Wednesday 3 June 2020

Virtually all children....

....go through growth spurts. Sometimes, they can seemingly put on a few inches in just a few weeks. Adults, if they are lucky, don't increase their size. (Or if they do, it happens horizontally rather than vertically.) Still, though, no matter how old we are, we never lose the ability to increase our understanding. Ideas about life that once used to fit us perfectly become too tight and constricting.








We have to shed our old beliefs and opinions so that we gain greater insight. If you are going through such a phase now; be glad of it.














You give but little when you give of your possessions. 
It is when you give of yourself that you truly give.

So often it's just....

.....a matter of degree, isn't it? One mouthful may be tantalising, two may be satisfying, three could be overdoing it and four, would be a sure-fire recipe for indigestion. We cannot always see how to draw the line... or where. Often, it seems, the only way to find out when enough is enough, is to carry on until we've had too much, and then try to edge back a bit.
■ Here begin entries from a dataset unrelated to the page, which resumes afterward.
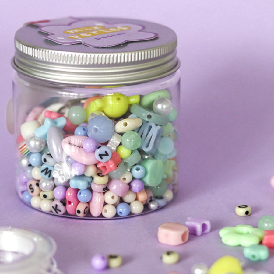 Mix de perles Pastel : Ce mélange est composé d'un ensemble de perles fantaisies aux couleurs pastels. Vous y retrouverez des perles rondes, des perles lettres, des perles avec de jolies formes : coeurs, étoiles, bonbons, fleurs. Vous pourrez ainsi créer de jolis bijoux aux teintes pastels.
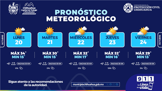 El Gobierno Municipal de Chihuahua informa sobre el clima de la semana, que incluirá días soleados y probabilidad de lluvia hacia el jueves y viernes.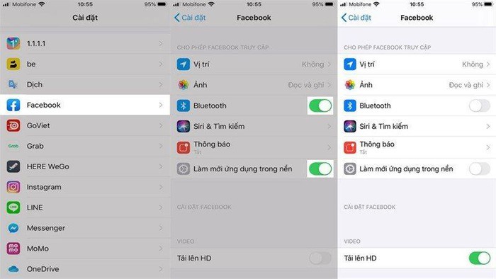 Để khắc phục điều này thì bạn sẽ vào Cài đặt > Facebook. Tắt tính năng Bluetooth và Làm mới ứng dụng trong nền. Sau đó, bạn khởi động lại máy và sử dụng như bình thường.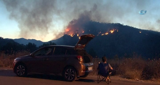 İtfaiye ekiplerinin yangına müdahale ettiği sırada bir vatandaş, yanında getirdiği sandalyeye oturarak yangını saniye saniye izledi.
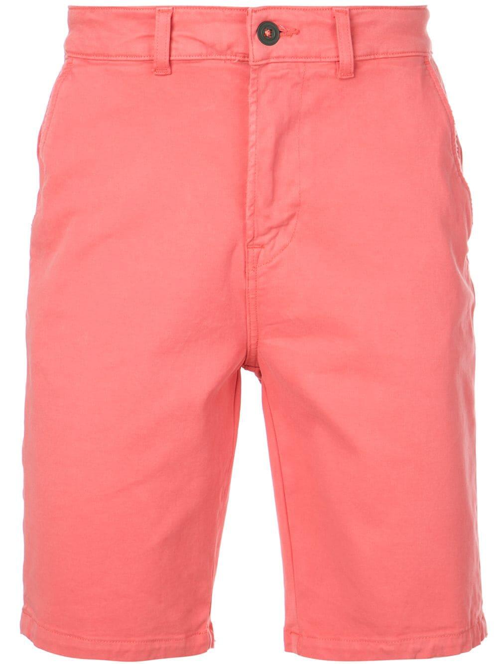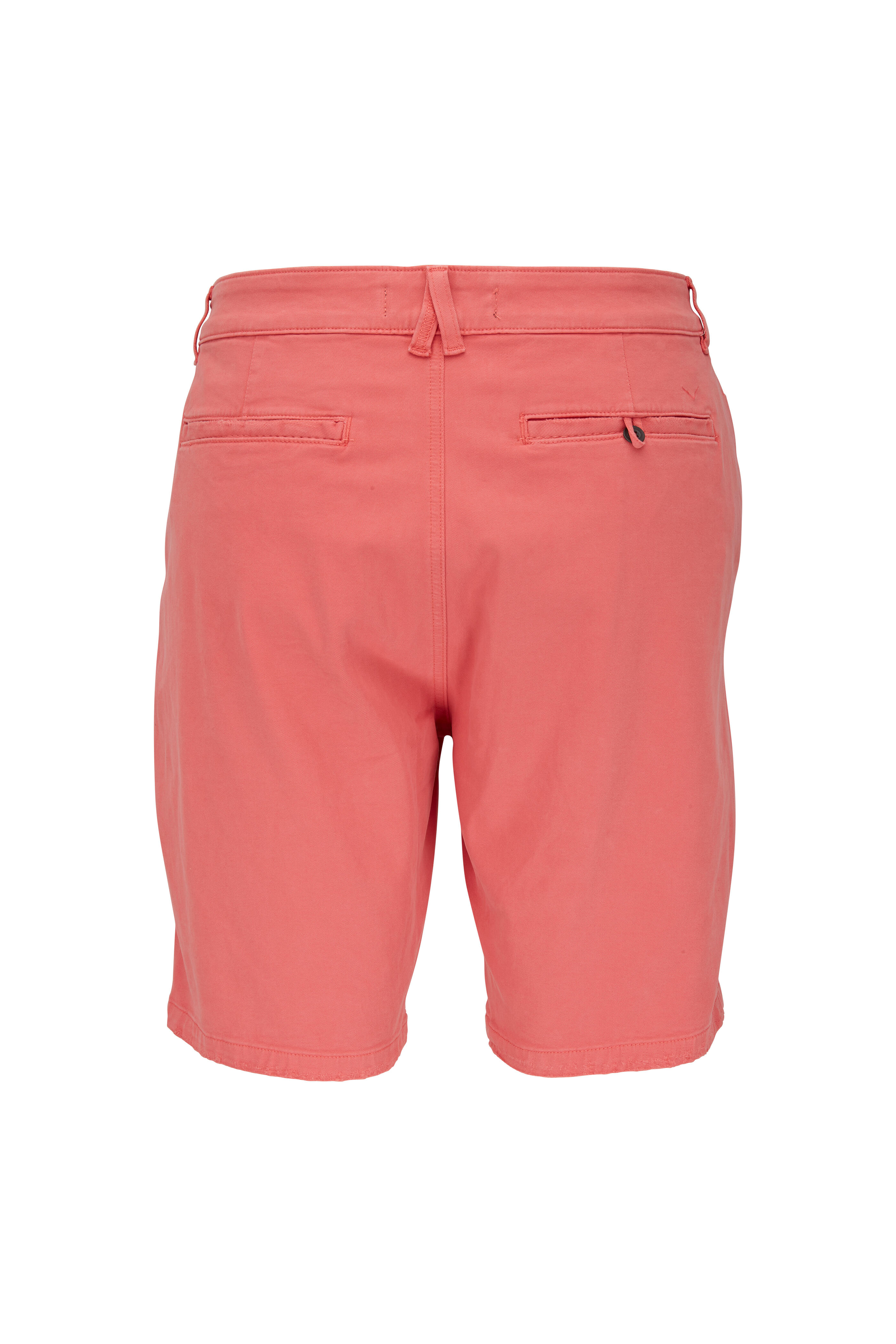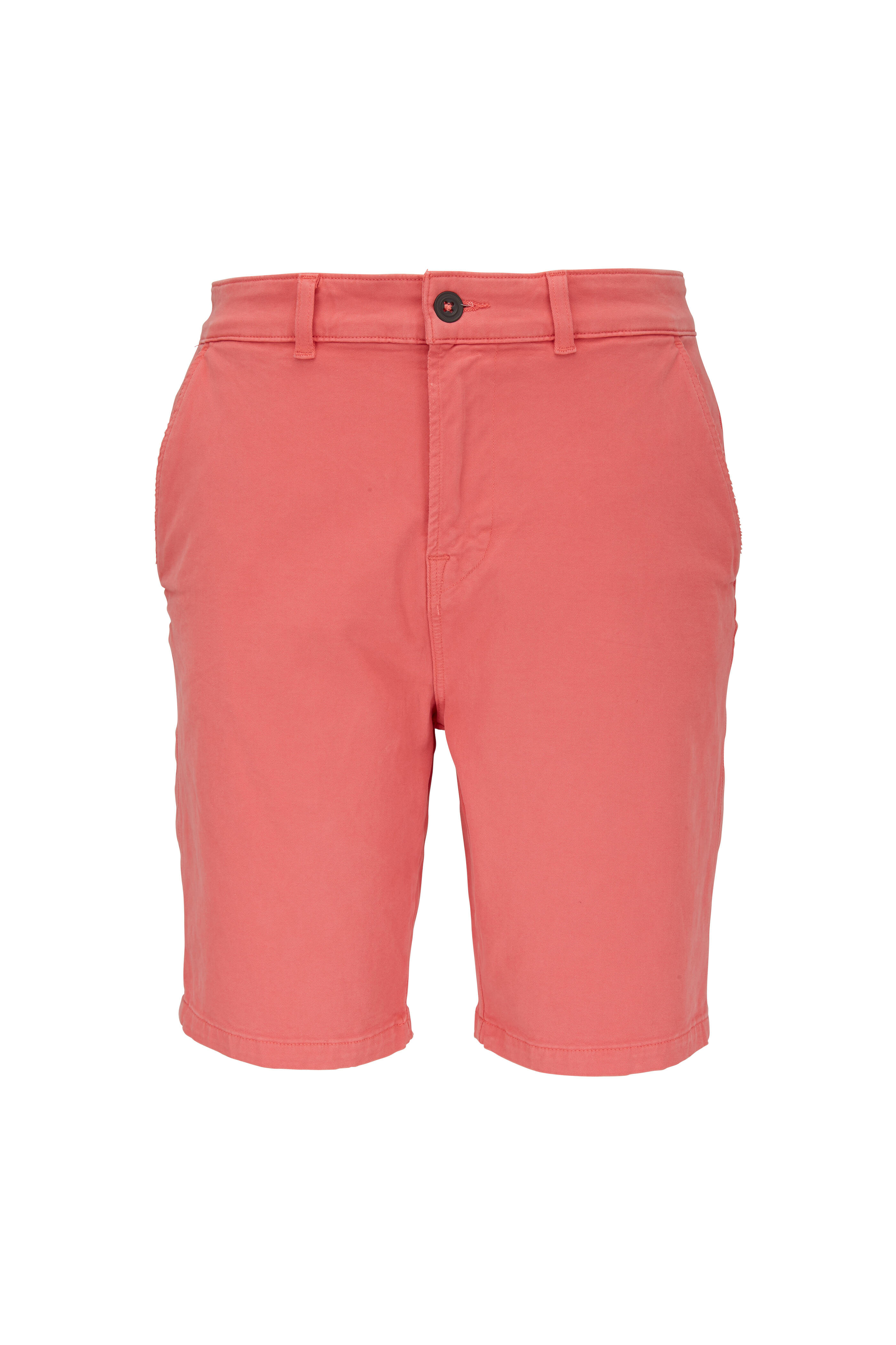 Banded waist; belt loops. Front slip pockets; side seam pocket; one back besom pocket; one back welt pocket. Tonal stitching. Imported. 9" inseam. 87% cotton, 11% elastomultiester, 2% elastane. Machine wash.

That's an easier process than many of us fear. We should never assume that a passing sense of discomfort will become a permanent disability.


We are afraid of the enormity of the possible.  (Emile M Cioran)

Sunday 24 May 2020

Experience is....

.....the greatest teacher, and when the lesson that needs to be learned is important enough, it hardly matters whether that experience is positive or negative. When we look back on all the events that seem to confirm our wisdom, we have to wonder whether these have helped us or just conditioned us to remain upon a path that is so straight and narrow that it offers no scope for discovery.






Through looking at what has gone wrong in the past, you stand the best chance of making things right in the future.










Our best thoughts come from others   (Ralph Waldo Emerson)



Does every closet....

....hide a skeleton? Does every statement disguise a hidden agenda? There are times when we can look around at the people in our world and wonder just what it is that they are trying to cover up. 



But then, we have all got private thoughts that we would rather not share. These become problematic only when we pretend otherwise and try to persuade ourselves that something is true, when deep down we know that it isn't


The doer alone, learneth.  (Friedrich Nietzsche)

Everything looks....

....difficult when you don't know what it involves. Knowledge isn't just power, it is relief, even peace of mind! Now, I know what you are thinking. 'What if you happen to know for a fact that something really is as difficult as it looks?' Well, even so, at least you know what you are dealing with. The unknown is always more nerve-racking than the known. And the known, if it is really known, is never without hope.








There is a world of difference between the difficult and the impossible and that's all you need to remember.












One fails forward towards success  (Charles Kettering)

Saturday 11 April 2020

Another Easter Reflection....

Some of you may have heard of this –

At the time of the Battle of Waterloo there was a man at a signalling post in Winchester Cathedral anxiously
awaiting the signal as to whether or not we had won the war.  As the lighted signal began to shine, a fog came down. The watchman read the signal which said, “England defeated”.  He signalled this news to other watchmen. This message spread along the countryside, and Britain began to despair of this news.  Then the fog lifted, and the
watchman discovered the true signal said, “England defeated the enemy”.  The despair, like the fog, lifted because England had won!

On Good Friday it seemed the message was "Christ defeated".  But three days later the fog lifts and we discover that the message had not been received in full.  The resurrection reverses what we initially thought and declares "Christ defeated the enemy”.



An Easter Reflection...

Some time ago I heard a story.  One of those stories that you can’t easily verify, but know that it’s worth remembering -

A young boy named Jonathan, who had quite severe learning difficulties,
loved going to Sunday School and listening to the passages and the hymns we know so well. Unfortunately, although the other children didn’t mock him, neither did they include him in many of the activities.

One week before Easter, the assistant gave all of the children plastic eggs and asked them to go home and fill the eggs with something that represented Easter. The next week all of the children gave their eggs and the assistant opened them one by one and they talked about how each thing
represented Easter. One had a flower petal, another had a leaf and so on - all representing spring and new life.

The assistant then came to an empty egg. Assuming it was Jonathan’s, she put it aside thinking he must not have understood what she asked him to do. Jonathan became a little agitated and asked. “Why won’t you talk about my egg?” She said, “But Jonathan, your
egg is empty.” To which he replied, “So was the tomb”.

Jonathan became accepted by all the other children that day.